On its way to the column, the gas first encounters the strongly cooled gas 8. A snow cake of crystals of water and carbon dioxide settles on this gas. This cake becomes permeable to the gas over a longer period of time. The gas is strongly cooled on the gas 8 and the pipes 2 and flows through the filter 15, 16 upwards into the annular space between the pipes 4 and 14 and the column parts 5,6 and the pipe 14. The gas is further cooled on the wall of the column part 5. In the annular space between the column part 5 and the tube 14, the gas meets the gas rings 17 during its flow. These catch the acetylenes that have not yet been deposited on the snow cake on the gas 8 and thus keep the acetylene far away from the contents of the cooking vessel 1.

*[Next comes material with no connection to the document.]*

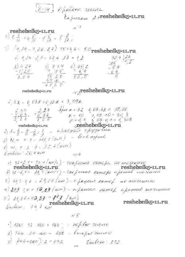 Готовая домашняя работа с ответами по Математике за 5 класс Ершова, Голобородько Самостоятельные и контрольные работы Илекса 2015 ФГОС - КР-14. Варианты А1
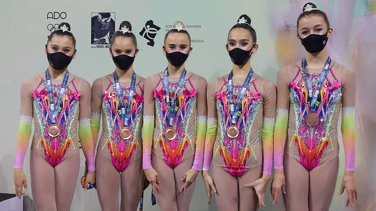 El equipo navarro júnior de Alaia ha quedado tercero en la final por aparatos de aros y cintas en el Campeonato de España de Gimnasia Rítmica celebrado en el Navarra Arena de Pamplona. IÑIGO ALZUGARAY

Even with large initial contents of acetylene in the supplied gas, the gas 8 and the rings 17 prove to be so effective that no dangerous acetylene concentrations occur in the boiler.

These remarks with regard to acetylene also apply to other coal water substances.

Claims (1)

Gas fractionation plant for a gas, e.g. air, which contains oxygen and coal-water substances, with a boiling container for collecting liquid gas containing oxygen, and about which there is arranged a cooled by means of the liquid in this container, mainly consisting of metal gas device for separating impurities from it into gas fractions- gas flowing through the ring column, such as water and carbon dioxide, and in which facility there is another cooler for separating acetylene and the like, characterized in that this other cooler consists of an annular channel formed by the lower part connected to the boiling vessel (1) ( 5) of the gas fractionation column and a pipe (14) which surrounds this lower part (5), so that the gas intended for fractionation, after passing the metal gas (8), can reach the interior of the lower column part (5) through this annular channel, and that in the channel there are arranged a number of collars (17) consisting of metal gas which are heat-conductingly connected to the wall of the lower column part (5).